Material shown:
§

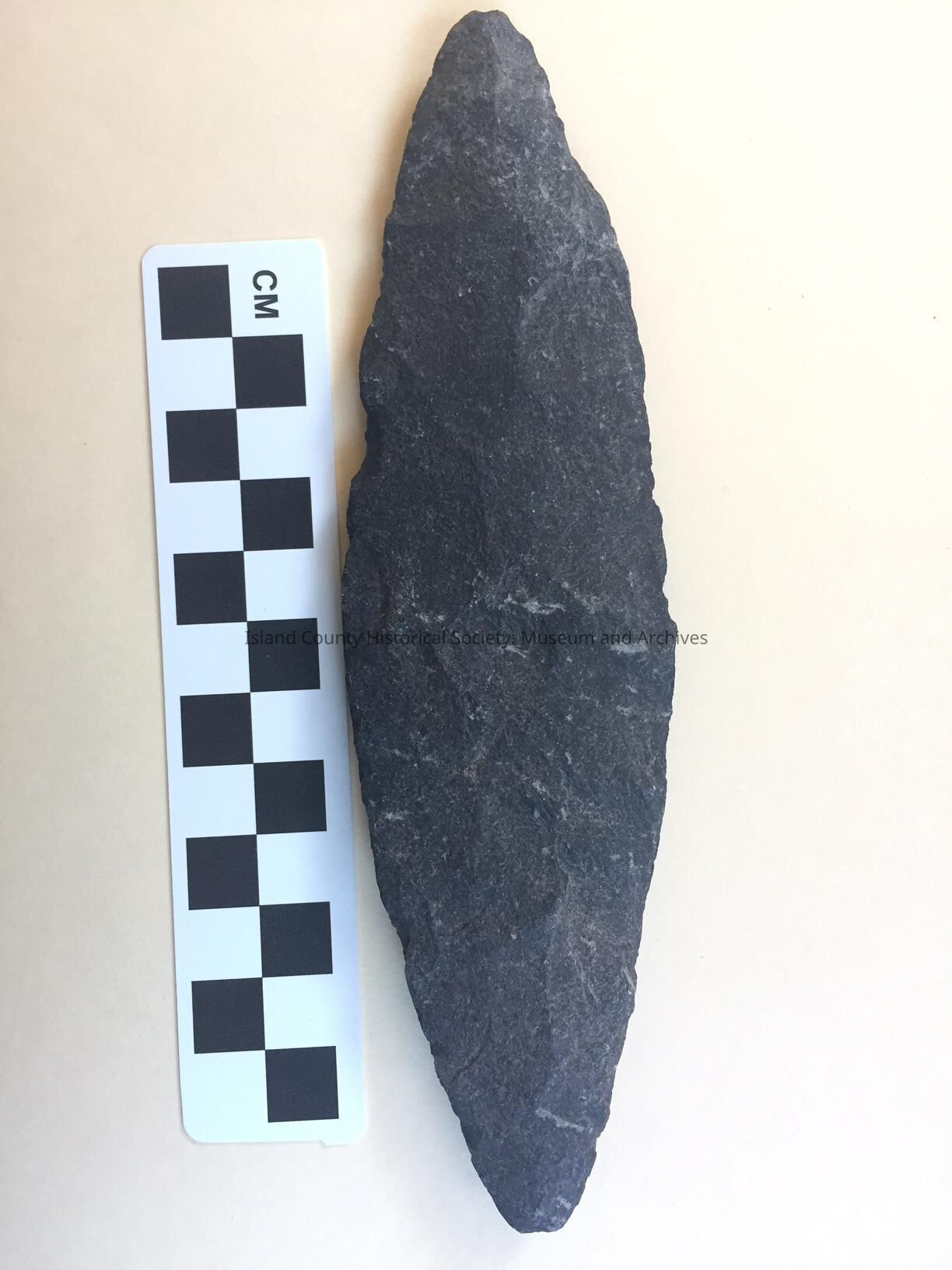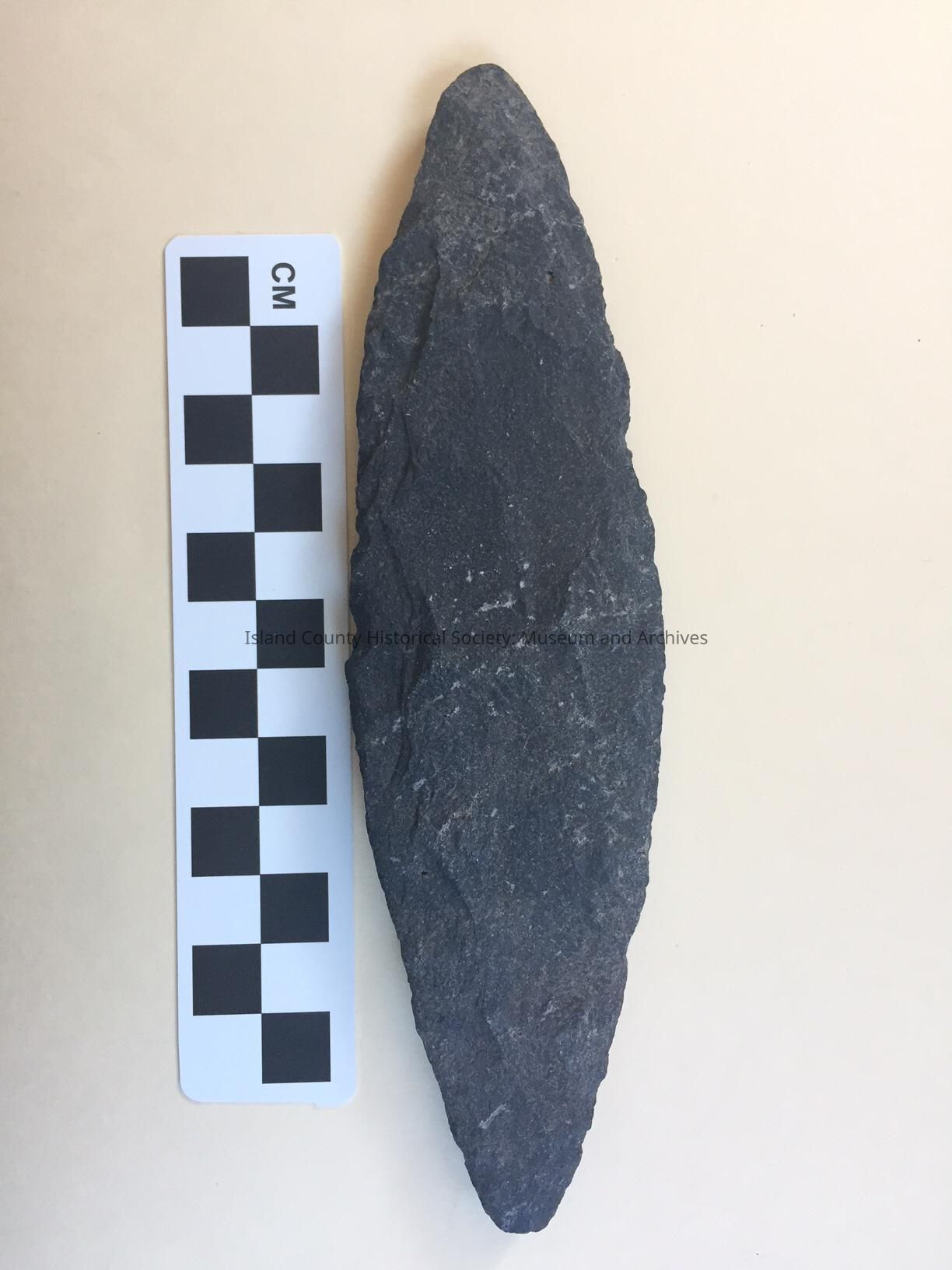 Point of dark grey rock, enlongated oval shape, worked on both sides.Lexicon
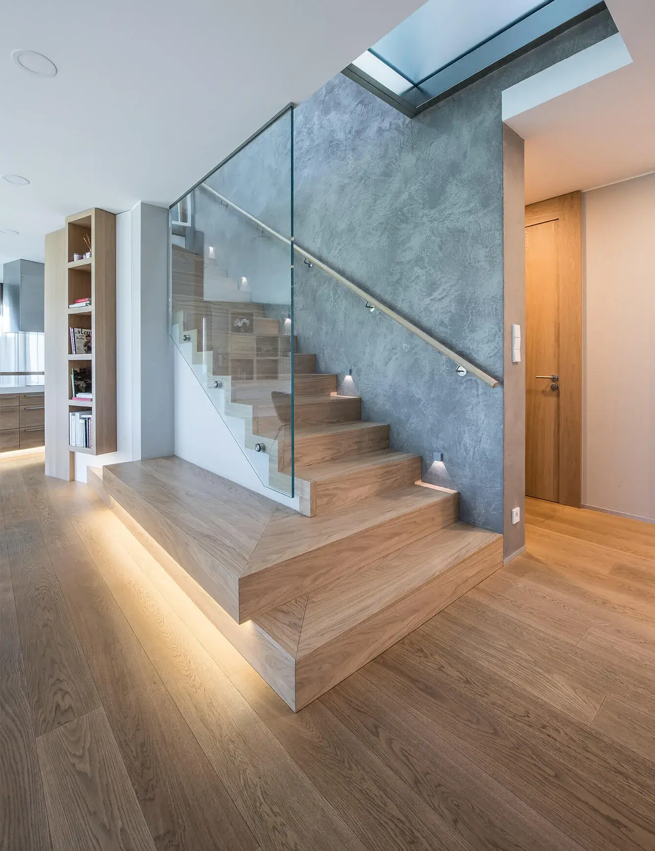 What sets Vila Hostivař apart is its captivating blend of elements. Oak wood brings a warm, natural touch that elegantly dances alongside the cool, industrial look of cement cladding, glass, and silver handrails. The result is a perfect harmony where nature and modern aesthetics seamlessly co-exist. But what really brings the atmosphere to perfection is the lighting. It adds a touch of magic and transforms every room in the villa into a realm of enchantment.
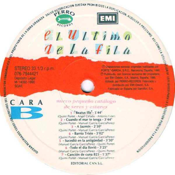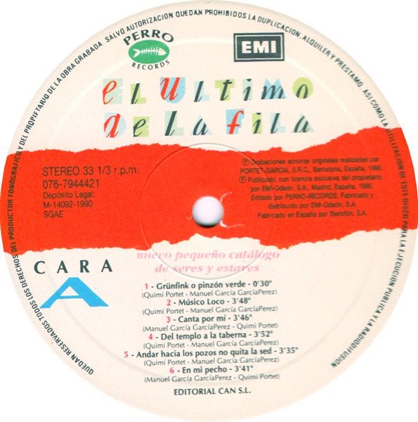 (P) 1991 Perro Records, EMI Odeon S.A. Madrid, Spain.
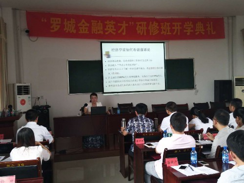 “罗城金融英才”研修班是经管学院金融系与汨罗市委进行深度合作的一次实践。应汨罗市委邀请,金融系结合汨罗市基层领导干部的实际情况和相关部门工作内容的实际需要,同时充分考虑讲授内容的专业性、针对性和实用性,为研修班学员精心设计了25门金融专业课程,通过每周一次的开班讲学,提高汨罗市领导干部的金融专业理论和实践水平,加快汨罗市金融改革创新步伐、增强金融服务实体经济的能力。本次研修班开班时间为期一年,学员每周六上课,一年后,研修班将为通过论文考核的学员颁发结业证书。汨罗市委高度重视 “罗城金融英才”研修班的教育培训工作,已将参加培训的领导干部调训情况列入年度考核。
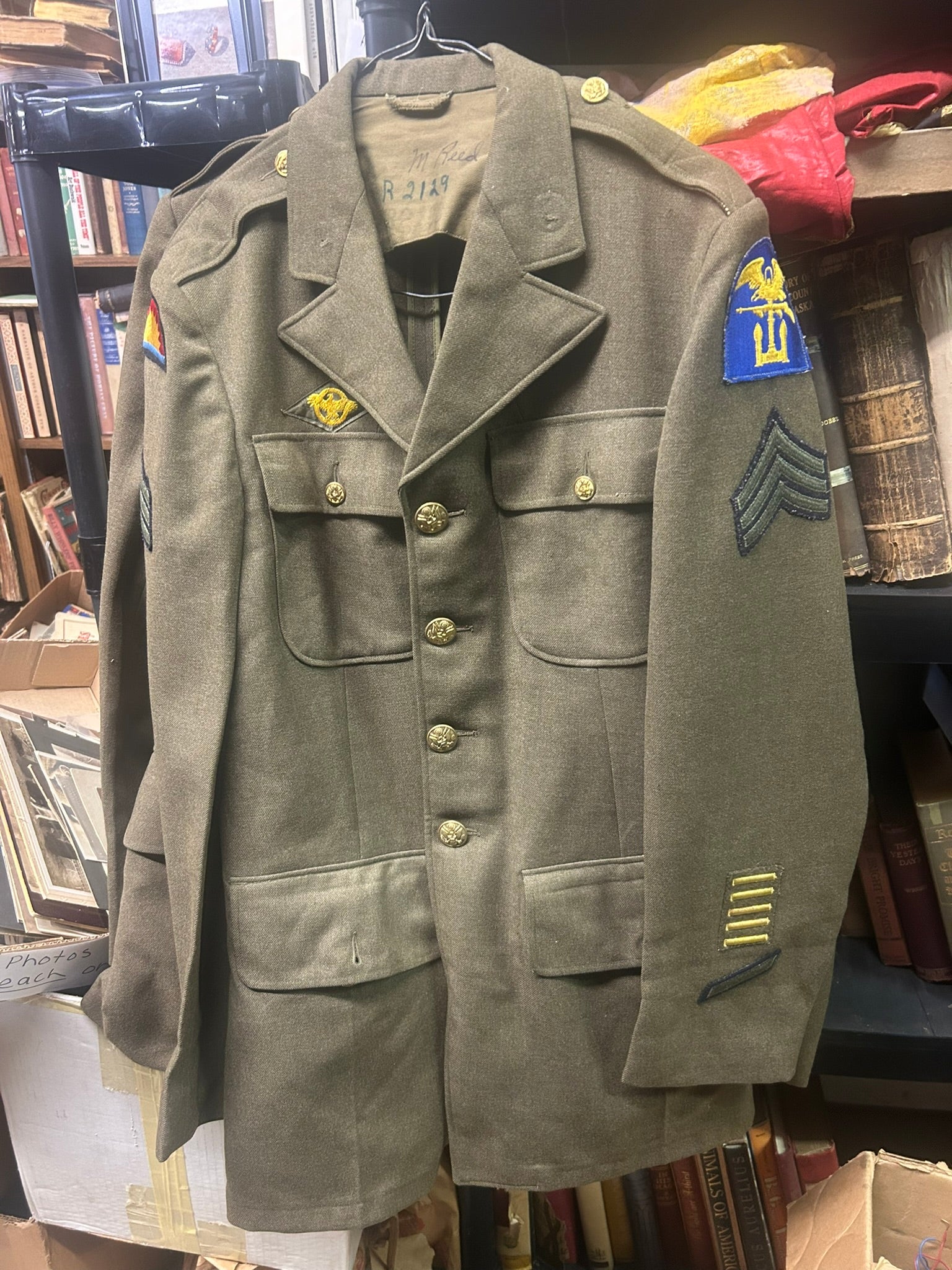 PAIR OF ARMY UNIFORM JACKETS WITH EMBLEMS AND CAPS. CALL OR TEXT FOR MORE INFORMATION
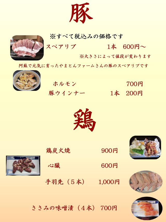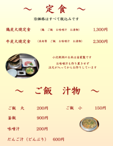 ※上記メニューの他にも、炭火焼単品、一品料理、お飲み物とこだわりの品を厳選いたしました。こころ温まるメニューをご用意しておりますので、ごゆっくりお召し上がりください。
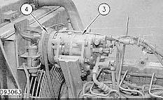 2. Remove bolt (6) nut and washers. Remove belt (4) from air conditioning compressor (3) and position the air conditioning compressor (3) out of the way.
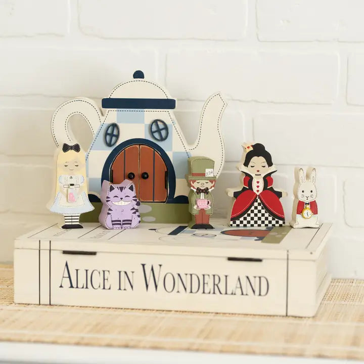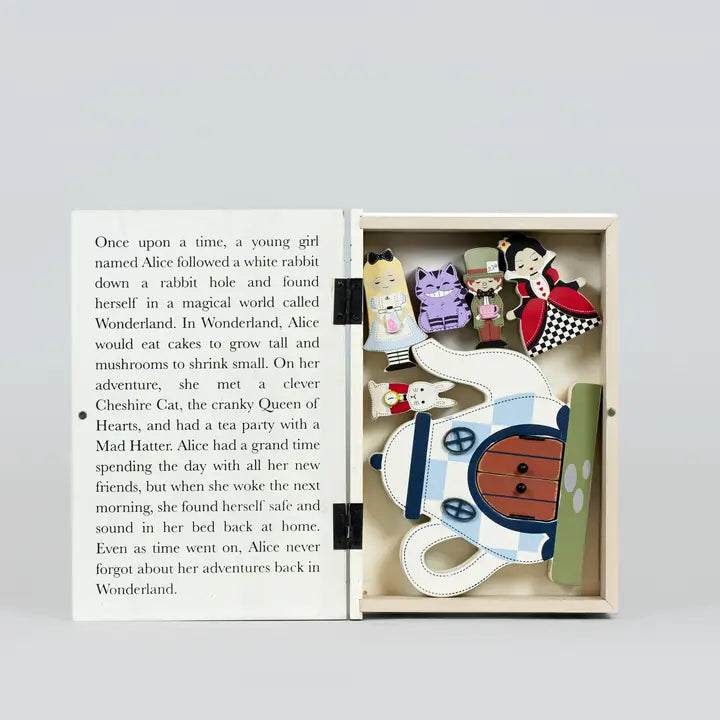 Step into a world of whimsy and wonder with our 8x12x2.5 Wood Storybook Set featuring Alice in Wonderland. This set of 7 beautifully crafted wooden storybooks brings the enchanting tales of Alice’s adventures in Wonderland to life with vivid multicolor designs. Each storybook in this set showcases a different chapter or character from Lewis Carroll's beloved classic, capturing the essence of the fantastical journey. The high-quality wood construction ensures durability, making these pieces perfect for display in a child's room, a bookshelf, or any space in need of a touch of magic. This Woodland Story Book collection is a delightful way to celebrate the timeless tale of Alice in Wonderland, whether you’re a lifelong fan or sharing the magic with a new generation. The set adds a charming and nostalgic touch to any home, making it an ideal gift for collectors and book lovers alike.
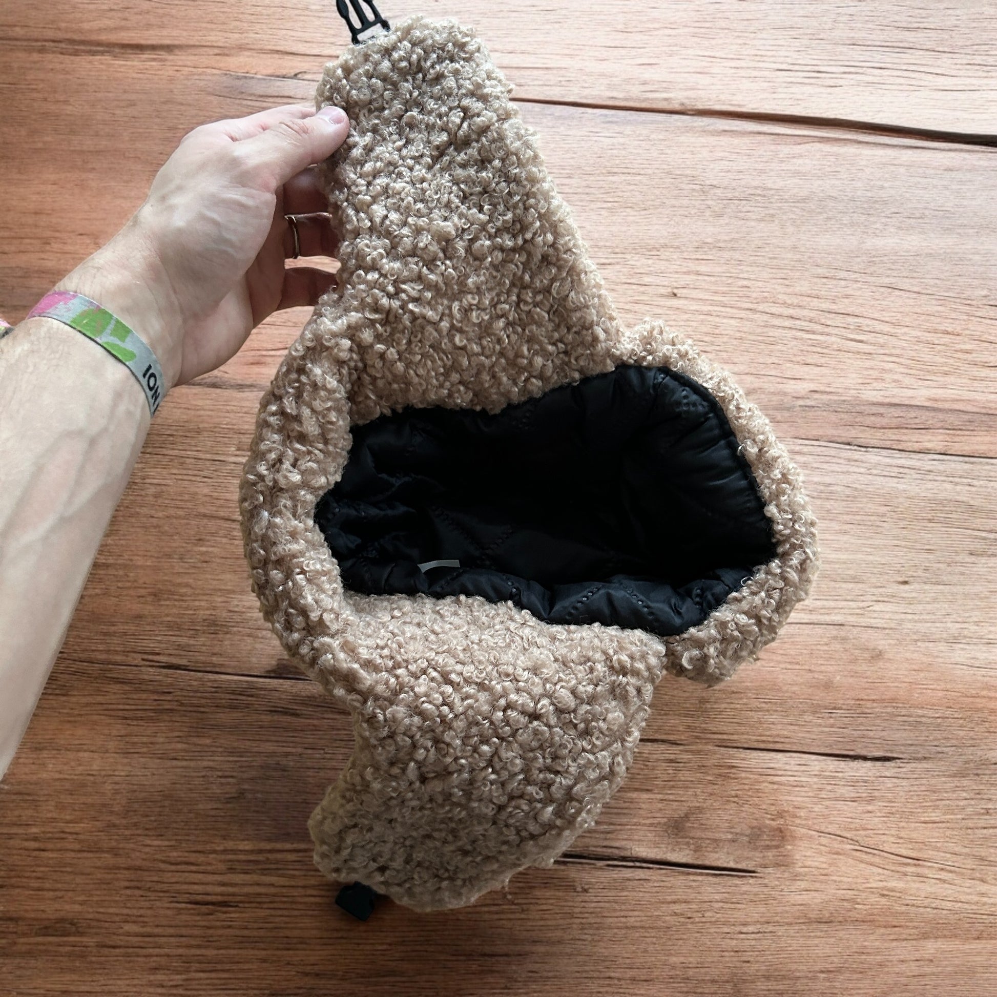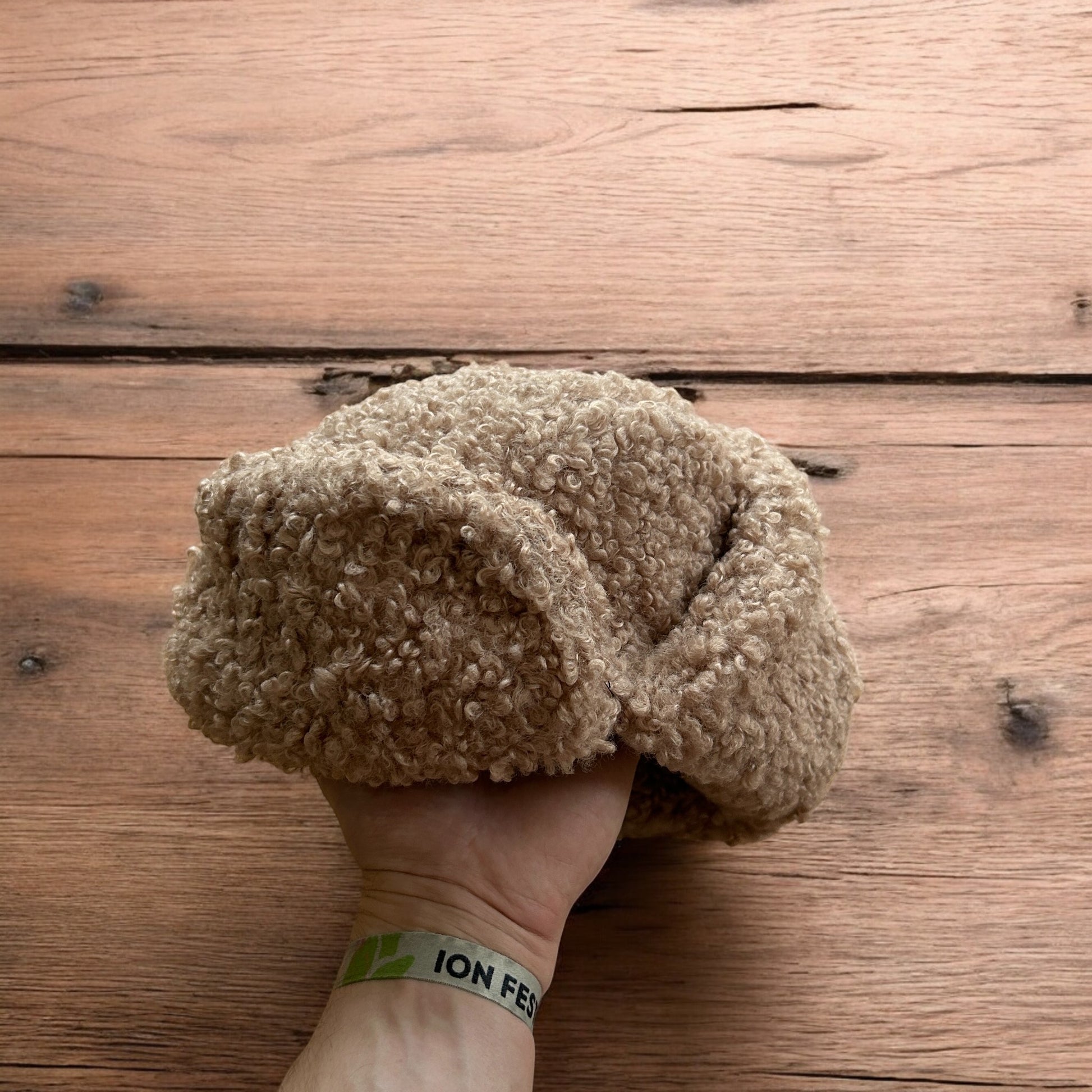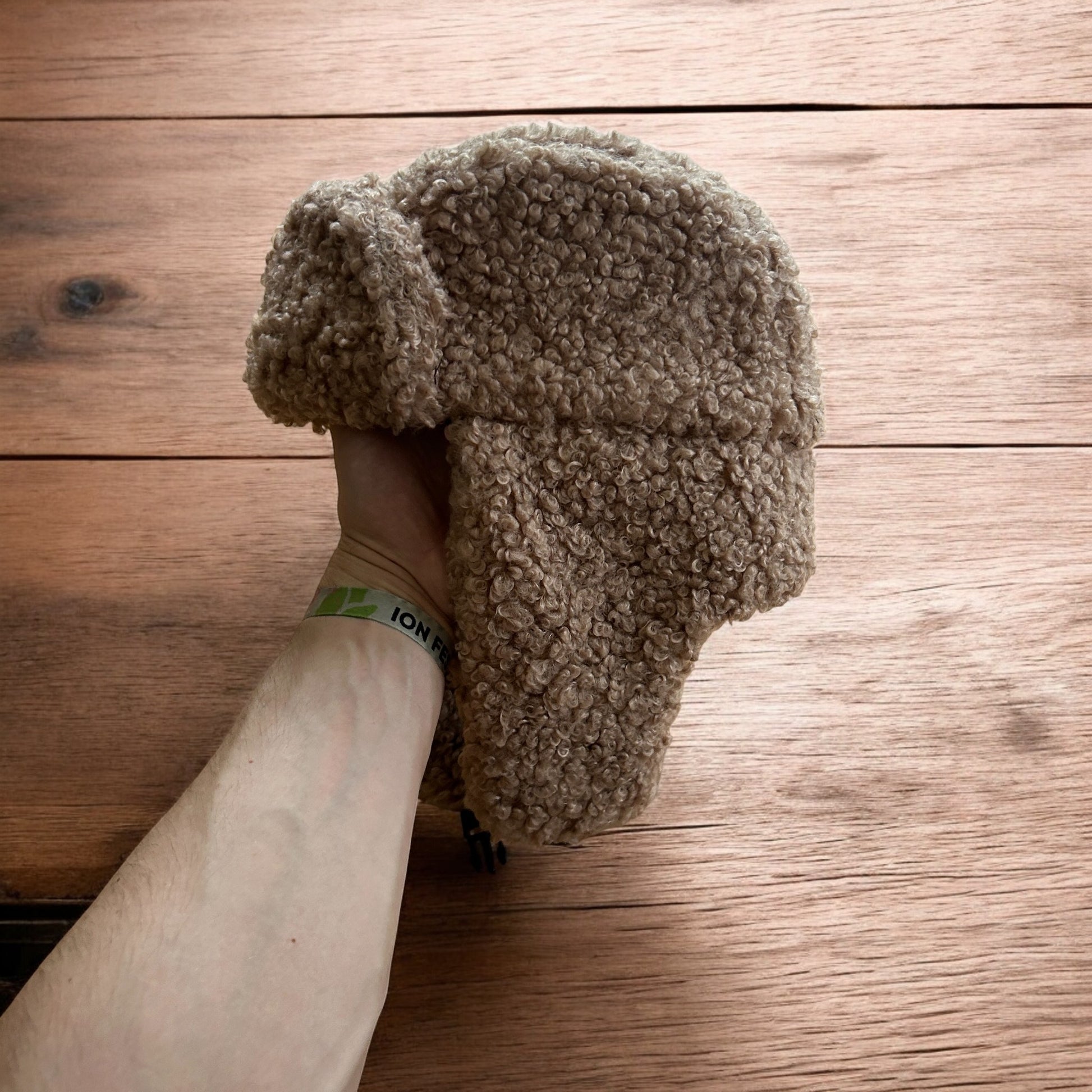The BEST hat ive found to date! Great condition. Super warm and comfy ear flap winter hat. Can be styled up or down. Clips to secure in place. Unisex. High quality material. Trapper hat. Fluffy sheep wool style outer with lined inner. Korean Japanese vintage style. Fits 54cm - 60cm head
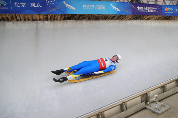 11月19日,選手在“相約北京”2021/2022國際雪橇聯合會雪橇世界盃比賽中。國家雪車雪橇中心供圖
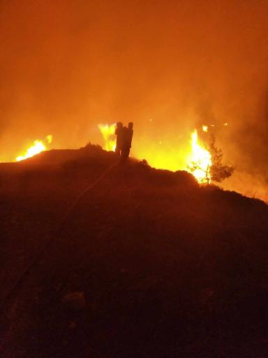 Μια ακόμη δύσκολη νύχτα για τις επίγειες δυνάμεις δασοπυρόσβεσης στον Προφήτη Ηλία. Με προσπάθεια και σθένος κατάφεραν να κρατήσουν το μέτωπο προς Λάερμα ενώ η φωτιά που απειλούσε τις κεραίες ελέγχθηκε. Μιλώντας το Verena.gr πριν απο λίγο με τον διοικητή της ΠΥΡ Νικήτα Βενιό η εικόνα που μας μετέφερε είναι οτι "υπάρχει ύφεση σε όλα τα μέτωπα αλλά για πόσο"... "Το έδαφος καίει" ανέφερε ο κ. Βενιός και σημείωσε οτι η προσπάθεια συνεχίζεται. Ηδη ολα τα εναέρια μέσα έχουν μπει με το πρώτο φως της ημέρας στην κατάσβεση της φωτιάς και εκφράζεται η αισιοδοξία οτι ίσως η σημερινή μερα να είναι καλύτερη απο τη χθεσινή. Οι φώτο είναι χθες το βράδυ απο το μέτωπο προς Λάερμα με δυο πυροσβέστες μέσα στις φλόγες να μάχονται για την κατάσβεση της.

§

Leave out the pictures and restate, word for word, the lines from the top of the data through the line containing "2. Remove bolt", both included.

Written reply:
 Point of dark grey rock, enlongated oval shape, worked on both sides.Lexicon
 What sets Vila Hostivař apart is its captivating blend of elements. Oak wood brings a warm, natural touch that elegantly dances alongside the cool, industrial look of cement cladding, glass, and silver handrails. The result is a perfect harmony where nature and modern aesthetics seamlessly co-exist. But what really brings the atmosphere to perfection is the lighting. It adds a touch of magic and transforms every room in the villa into a realm of enchantment.
 (P) 1991 Perro Records, EMI Odeon S.A. Madrid, Spain.
 “罗城金融英才”研修班是经管学院金融系与汨罗市委进行深度合作的一次实践。应汨罗市委邀请,金融系结合汨罗市基层领导干部的实际情况和相关部门工作内容的实际需要,同时充分考虑讲授内容的专业性、针对性和实用性,为研修班学员精心设计了25门金融专业课程,通过每周一次的开班讲学,提高汨罗市领导干部的金融专业理论和实践水平,加快汨罗市金融改革创新步伐、增强金融服务实体经济的能力。本次研修班开班时间为期一年,学员每周六上课,一年后,研修班将为通过论文考核的学员颁发结业证书。汨罗市委高度重视 “罗城金融英才”研修班的教育培训工作,已将参加培训的领导干部调训情况列入年度考核。
 PAIR OF ARMY UNIFORM JACKETS WITH EMBLEMS AND CAPS. CALL OR TEXT FOR MORE INFORMATION
 ※上記メニューの他にも、炭火焼単品、一品料理、お飲み物とこだわりの品を厳選いたしました。こころ温まるメニューをご用意しておりますので、ごゆっくりお召し上がりください。
 2. Remove bolt (6) nut and washers. Remove belt (4) from air conditioning compressor (3) and position the air conditioning compressor (3) out of the way.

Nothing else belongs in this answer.